Published: 2010/03/01

by Charlie Saufley

Psych Survey: Charlie Saufley, Assemble Head in Sunburst Sound

Charlie Saufley, Assemble Head in Sunburst Sound
5 Modern Psych Faves
1. Comets on Fire’s Field Recordings from The Sun might be my favorite post-punk psych record. It’s completely transportive, unbridled, and ecstatic. It’s effortlessly ambitious, too—meshing a thousand seemingly disparate textures (Fillmore folk-rock, Japanese psych punk, Exuma, Sun Ra, just to name a few) through an unabashed, anti-cynical, and completely non-ironic love of all of them.

2. My favorite Six Organs of Admittance record may be The Sun Awakens, but Dark Noontide is the deeper trip—rainy skies, dark solitude and the invitation to kick down doors to glimpse the light.
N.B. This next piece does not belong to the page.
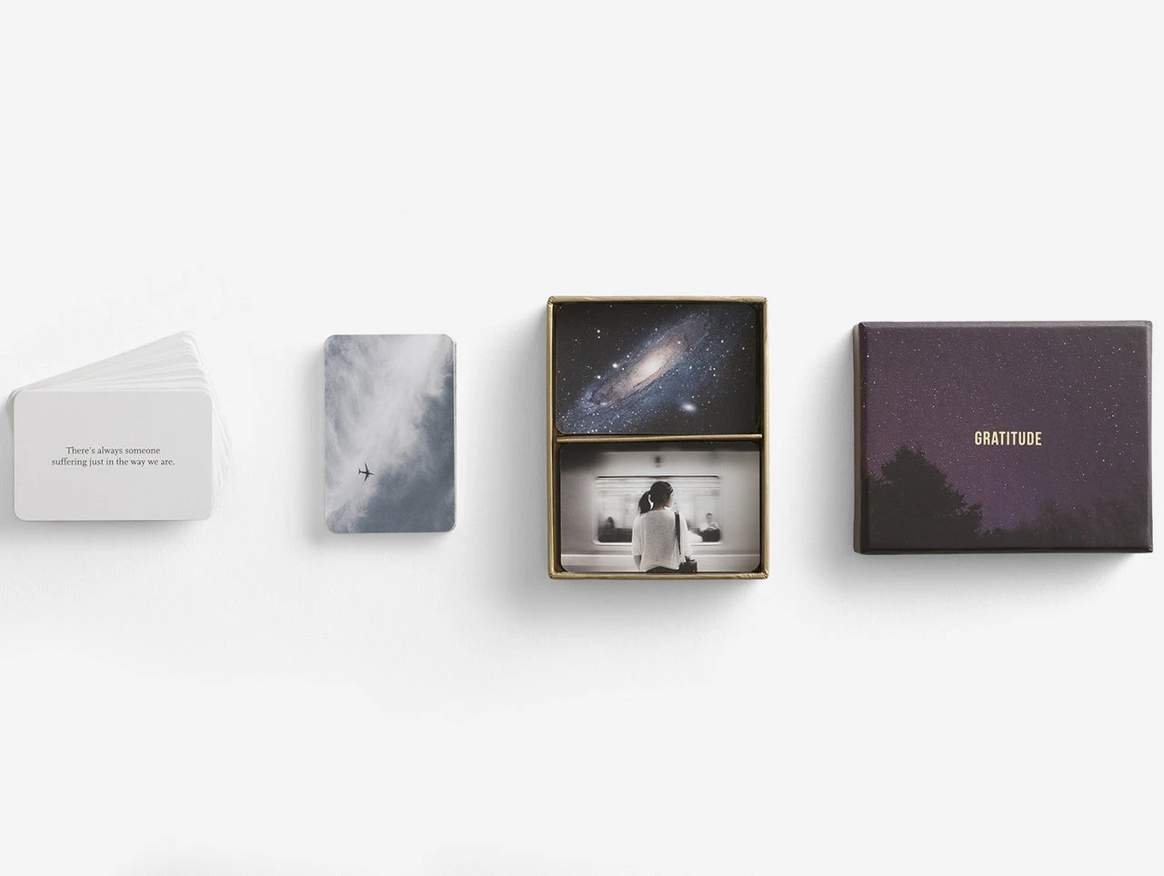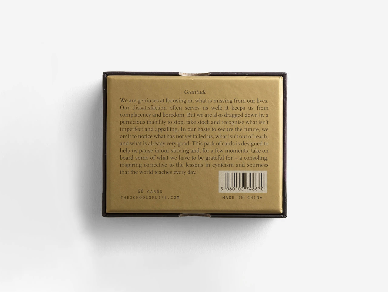 In our haste to secure the future, we omit to notice what is already very good. This pack of cards is designed to help us pause in our striving and, for a few moments, take on board some of what we have to be grateful for – a consoling, inspiring corrective to the lessons in cynicism and sourness that the world teaches every day.

3. Essential in my life, but probably mostly forgotten, Teenagers Film Their Own Life by Florence, Italy’s Valvola is a tuneful, moody collection of psych-pop gems, built on analog synth and organ sounds bonky guitars and ethereal whisper vocals. You get the desert and the rain in this one.

4. Perfect Prescription gets the kudos, but Playing with Fire is the Spacemen 3 LP that can deliver you furthest from your studio apartment on a shit-grey day. Lazy, sleepy, fuzzy and free.

5. I can’t think of a band that so deftly danced about that perfect point in the cosmos where Spacemen 3 and Black Sabbath meet as Dead Meadow did with Shivering King and Others.

Man, so many more…honorable mentions to Voice of the Seven Woods, Sun Araw, Twilight Circus, Monoshock, High Rise, Keiji Haino, Sonic Youth, DJ Shadow…..
5 Non-Canonical Faves
1. Tangerine Dream by Kalaidescope UK would probably sound pretty twee to heavy psych heads. But it’s a beautiful collection of genius psych-pop songs that walks the thread linking Barrett-era Floyd, Townshend and Ray Davies “character” studies, as well as The Byrds, Bee Gees and Zombies. “The Sky Children,” an 8-minute psych-folk-rock mantra, is worth the price of admission alone.

2. Erkin Koray’s Elektronik Turkuler is the Godzilla and King Kong of Turkish/Anatolian psych, which is saying a lot given the ass-kicking work of fellow Turks 3 Hur El, Selda, Mogollar, Ersen. But this is heavy shit—funky, sexy, fragrant, spiritual. Like Zep, Jimi, and Pompelli-era Floyd made ancient and cast like bolts of lightning from the minarets.

3. Creme Soda’s Tricky Zingers was a fave of Greg Shaw, who knew a thing or two about subterranean psych. And it’s mighty strange to me that it’s remained as under the radar as it has. The songwriting is inspired, top-shelf shit and is consistently engaging for its ambitious embrace of varied musical styles. Imagine a mid-west garage version of Revolver or The Yardbirds’ Little Games and you start to get the picture.

4. Ghetto Music and Black Rhythm Happening by jazz trumpet player Eddie Gale are like more tune-based cousins to Pharoah Sanders’ Black Unity and Karma and the funky chant throw downs by Sun Ra and Art Ensemble of Chicago. It’s free, joyful, mournful, and fantastically rich with blow-the-house-down ecstatic jazz moves, folk guitar, and gorgeous girl vocals.

5. Gabor Szabo is one of favorite guitarists, bar none. And while more cynical Szabo cultists view his Jazz Raga, recorded in late ‘66, as a campy leap at the raga rock bandwagon, I still find it to be one of the most unique-sounding records of the period, and a genuine and inspired stab at east-west fusion.